Ruling of the Court of Appeals

Acceding to all the appellees objections and opining that an utter and flagrant disregard of the
rules of procedure is inexcusable, the CA dismissed the appeal of the Go spouses on the following
grounds: First, that Go spouses failed to serve a copy of their appellants brief upon the intervenors on
time,[22] and, second, that their appellants brief does not contain a subject index and that no copy of
the assailed Decision was appended thereto, in violation of Section 44, Section 13 (a) and (h) in
relation to Rule 50, Section 1(f).[23]

It reasoned:

In the case at bench, appellants [Go spouses] even admitted that they failed to serve a copy of
their brief to Mega Farms as well as to Alice Chaves on the same day they filed the brief with this
Court. Belated compliance with this requirement does not suffice. Proper procedure dictates that a
copy of the pleading be first furnished the opposing party so that proof of such service may be duly
indicated on the original of the pleading to be filed shortly afterward in court, such indication being
either a handwritten acknowledgment by the adverse party or the registry receipt of the copy mailed to
the adverse party. Service precedes filing; both within the time allowed by the Rules.
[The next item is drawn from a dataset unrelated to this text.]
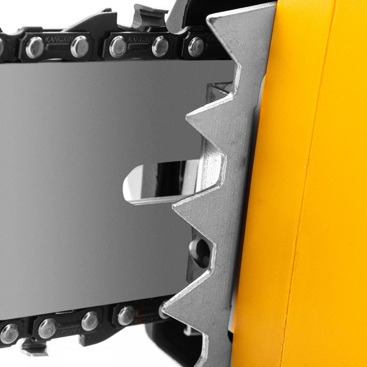 - Удобное использование — зубчатый упор не соскальзывает с древесины, надежно фиксируя пилу и уменьшая нагрузку на руки пользователя, что особенно удобно для работы с крупными бревнами или деревьями.

Second. It is a matter of fact that the appellants brief does not contain a subject index nor does
it have as an appendix the copy of the assailed decision. x x x

The first requirement of an appellants brief is a subject index. The index is intended to facilitate
the review of appeals by providing ready reference, functioning much like a table of contents. This
jurisdiction prescribes no limit on the length of appeal briefs or appeal memoranda filed before appellate
courts. The downside of this liberal rule is, of course, the very real possibility that the reviewing tribunal
will be swamped with voluminous documents. This occurs even though the rules consistently urge the
parties to be brief or concise in the drafting of pleadings, briefs, and other papers to be filed in
court. Herein lies the reason and the need for a subject index. The subject index makes readily
available at ones fingertips the subject of the contents of the brief so that the need to thumb through the
brief page after page to locate a partys arguments, or a particular citation, or whatever else needs to be
found and considered, is obviated.

xxxx

Although appellants may have subsequently rectified those deficiencies, the belated compliance,
however, is not by itself sufficient to warrant suspension of the strict requirements of the rules, absent
any showing that the initial non-compliance was not in any way attributable to negligence, or that there
are highly justifying equitable reasons for this Court to make an extraordinary disposition in the interest
of justice.

It has long been recognized that strict compliance with the rules is indispensable for the
prevention of needless delays and for the orderly and expeditious dispatch of judicial business. Utter
disregard of the rules cannot just be rationalized by harking on the policy of liberal construction. While
courts should, in all cases, endeavor to do substantial justice without undue subservience to
technicalities, the mere invocation by the parties of liberality and substantial justice does not
automatically do away with the rules laid down for the orderly administration of justice.[24]

Issue

Stated simply, the lone issue for our consideration is whether the appellate court erred in
dismissing the appeal.

Our Ruling
Facing up to all these objections and admitting the mistakes committed, the Gos beseech
liberality in the application of the rules. Even if clearly their counsel committed a number of palpable
mistakes which, as a general rule should bind the client, we shall grant the petition in the interest of
justice.[25]

Our rules of procedure are designed to facilitate the orderly disposition of cases and permit the
prompt disposition of unmeritorious cases which clog the court dockets and do little more than waste
the courts time.[26] These technical and procedural rules, however, are intended to ensure, rather than
suppress, substantial justice.[27] A deviation from their rigid enforcement may thus be allowed, as
petitioners should be given the fullest opportunity to establish the merits of their case, rather than lose
their property on mere technicalities.[28] We held in Ong Lim Sing, Jr. v. FEB Leasing and Finance
Corporation[29] that:

Courts have the prerogative to relax procedural rules of even the most mandatory character,
mindful of the duty to reconcile both the need to speedily put an end to litigation and the parties' right to
due process. In numerous cases, this Court has allowed liberal construction of the rules when to do so
would serve the demands of substantial justice and equity.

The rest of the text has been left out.